When using Huge Pages you should set the Oracle parameter use_large_pages = ONLY. This ensures that the instance will start only if sufficient Huge Pages are available and report information on usage to the alert log.

************************ Large Pages Information *******************

Parameter use_large_pages = ONLY

Per process system memlock (soft) limit = 141 GB

Total System Global Area in large pages = 88 GB (100%)

Large pages used by this instance: 44844 (88 GB)

Large pages unused system wide = 10156 (20 GB)

Large pages configured system wide = 55000 (107 GB)

Large page size = 2048 KB


It can be seen that the Oracle reported Huge Pages configuration corresponds to the information available from Linux.

[root@sandep1 ~]# cat /proc/meminfo | grep -i huge

AnonHugePages:    108544 kB

HugePages_Total:   55000

HugePages_Free:    10265

HugePages_Rsvd:      109

HugePages_Surp:        0

Hugepagesize:       2048 kB

The Huge Pages are evenly distributed so by looking just at node 0 we can see exactly half of the requested huge pages have been allocated from here.

[root@sandep1 node0]# pwd


[root@sandep1 node0]# cat meminfo

Node 0 AnonHugePages:     16384 kB

Node 0 HugePages_Total: 27500

Node 0 HugePages_Free:   5243

Node 0 HugePages_Surp:      0

After this discussion of Huge Pages you may be aware of a Linux feature called Transparent Huge Pages and be thinking that all of the benefits described previously will happen automatically by leaving this feature enabled. However at the time of writing Transparent Huge Pages do not support shared memory or in other words do not support the memory required for the Oracle SGA, for this reason for an Oracle on Linux system you should set the boot parameter transparent_hugepages=never to disable this feature and if using Huge Pages continue to configure them manually.

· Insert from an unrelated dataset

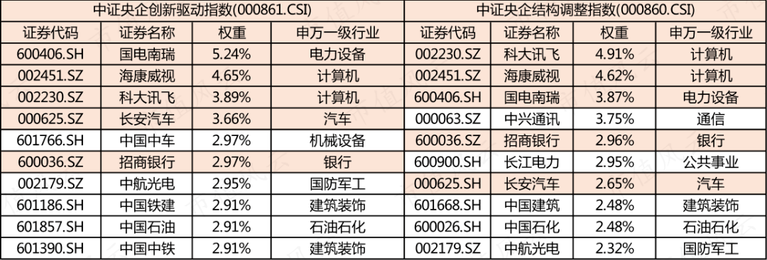 两大指数前十大权重股集中度都不高,占比分别35%和32%,另外在国电南瑞、海康威视、科大讯飞、长安汽车和招商银行五只是重合的。不同的是,央企创新选择的是中国铁建和中国石油,而央企结构则配置的是中国建筑和中国石化。
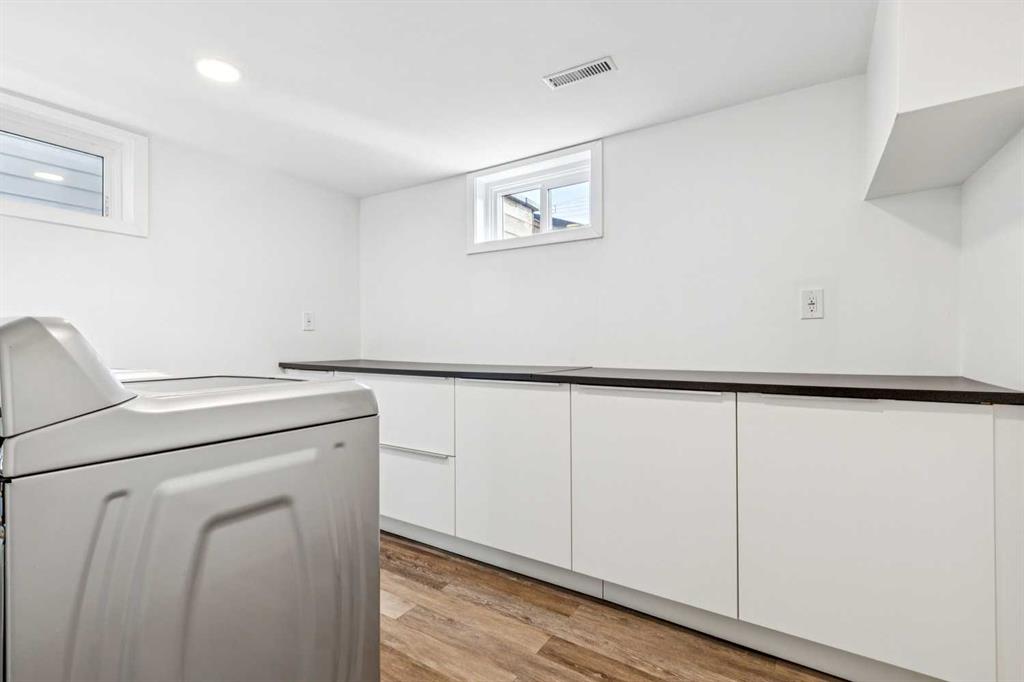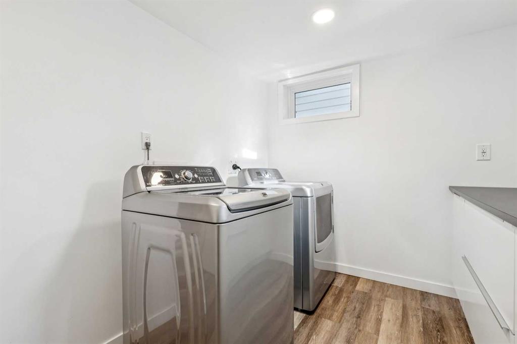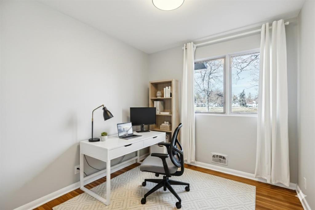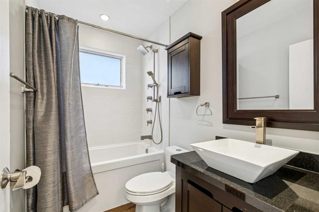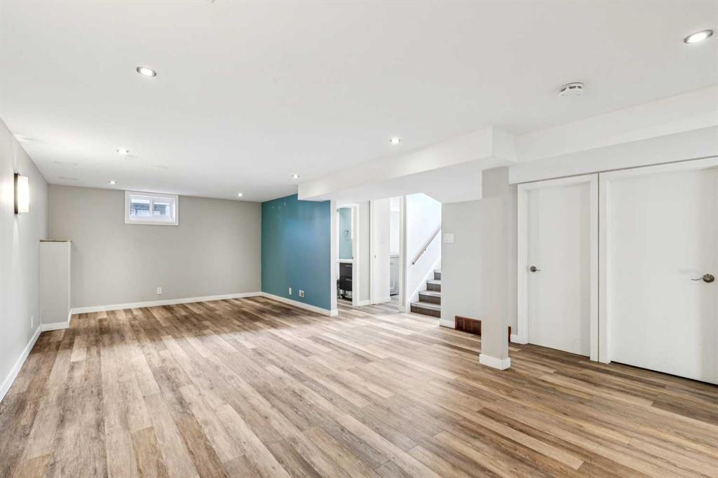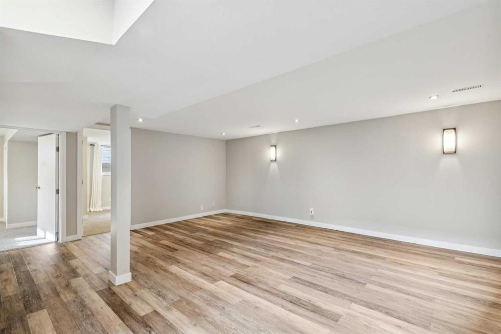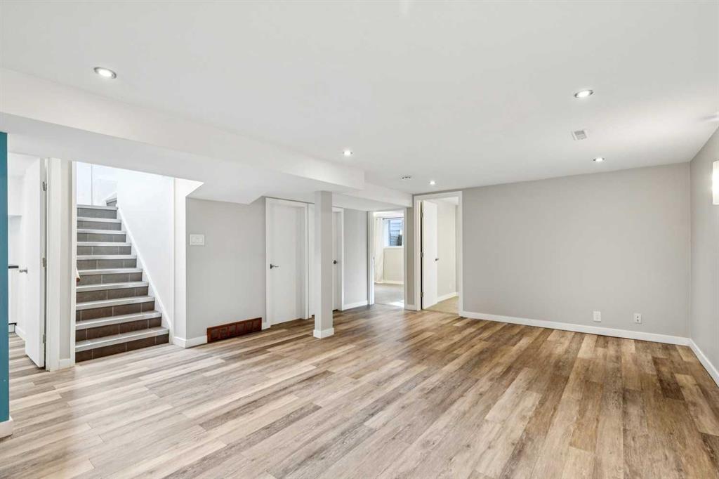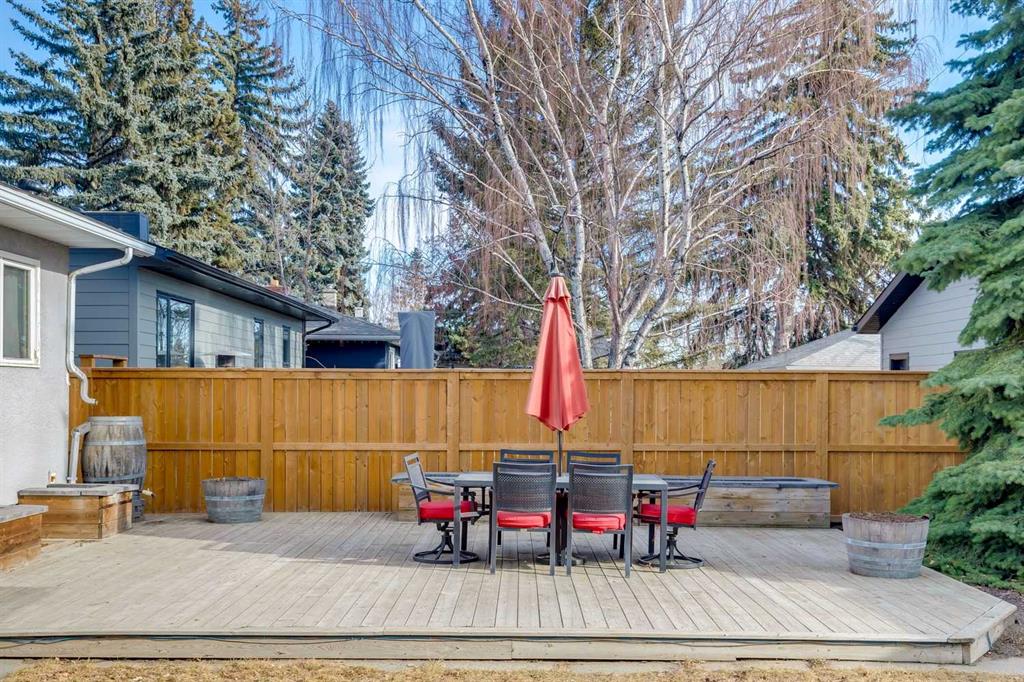 This upgraded and move-in-ready bungalow offers a rare combination of privacy and unbeatable walkability in the heart of Elboya. Situated directly across from the open green space of the St. Anthony school field, you’ll enjoy expansive views and no neighbours directly in front. The main floor is bright and inviting, featuring large living room windows that frame the park views. While maintaining a traditional layout, the dining room is perfectly situated beside the kitchen for easy entertaining and day-to-day flow. The main floor is highlighted by a large primary suite featuring extensive wall-to-wall built-in closets. Two additional good-sized bedrooms offer the perfect setup for children’s rooms or dedicated home offices. A renovated 3-piece bath completes the main level. The fully finished basement has been updated to include a modern laundry room, a spacious family room, an additional renovated full bathroom, and two large bedrooms. With a separate entrance and laundry situated outside the living area, the basement is well-configured for a potential legal suite (subject to City of Calgary discretionary approval and permitting). The private, south-facing backyard is designed for both relaxation and entertaining. A large tiered deck provides a perfect space for outdoor lounging and dining amidst perennial beds and a raspberry patch. A double detached heated garage provides comfort year-round, and a large gravel parking pad beside the garage accommodates two additional vehicles. Perfect for extra cars, a boat, or a small utility trailer. Experience the rare luxury of park-front peace and Britannia’s best amenities just steps from your front door.

Whether using Huge or standard pages you can also enable NUMA awareness with Oracle by setting the parameter _enable_NUMA_support = TRUE.  When enabled this can be viewed in the Oracle alert log

NUMA node details:

  OS NUMA node 0 (16 cpus) mapped to Oracle NUMA node 0

  OS NUMA node 1 (16 cpus) mapped to Oracle NUMA node 1

and has the impact of binding core processes to NUMA nodes

DBW0 started with pid=12, OS id=3902 , bound to OS numa node 0

Starting background process DBW1

DBW1 started with pid=11, OS id=3904 , bound to OS numa node 1

Starting background process DBW2

DBW2 started with pid=14, OS id=3906 , bound to OS numa node 0

Starting background process DBW3

DBW3 started with pid=13, OS id=3908 , bound to OS numa node 1

Starting background process LGWR

LGWR started with pid=15, OS id=3910 , bound to OS numa node 1

allocating the SGA with locality considerations

Area #2 `NUMA pool 0' containing Subareas 3-3

  Total size 0000000a10000000 Minimum Subarea size 10000000

  Owned by: 0

   Area Subarea    Shmid      Stable Addr      Actual Addr

      2 3 25100291 0x00000080000000 0x00000080000000

               Subarea size     Segment size  

                          0000000a10000000 0000000a10000000

Area #3 `NUMA pool 1' containing Subareas 4-4

  Total size 0000000a10000000 Minimum Subarea size 10000000

  Owned by: 1

   Area Subarea    Shmid      Stable Addr      Actual Addr

      3 4 25133060 0x00000a90000000 0x00000a90000000

               Subarea size     Segment size  

as well as binding listeners to processors.

Setting  _enable_NUMA_support on a NUMA enabled system means Oracle will operate on a NUMA aware basis and as systems increase in size and socket counts deliver efficiencies that increase performance. 

Once the system is configured you may also want to monitor the memory  performance to ensure that everything has been configured correctly. To do so I would recommend the Intel Performance Counter Monitor , one of the tools included within this package enables you to observer your memory performance in a similar way to iostat is used to monitor I/O.


In the example shown above it can be seen that taking the approach described in this post and evenly distributing the Oracle SGA across the memory nodes in a system you can achieve an optimal and balanced Oracle configuration.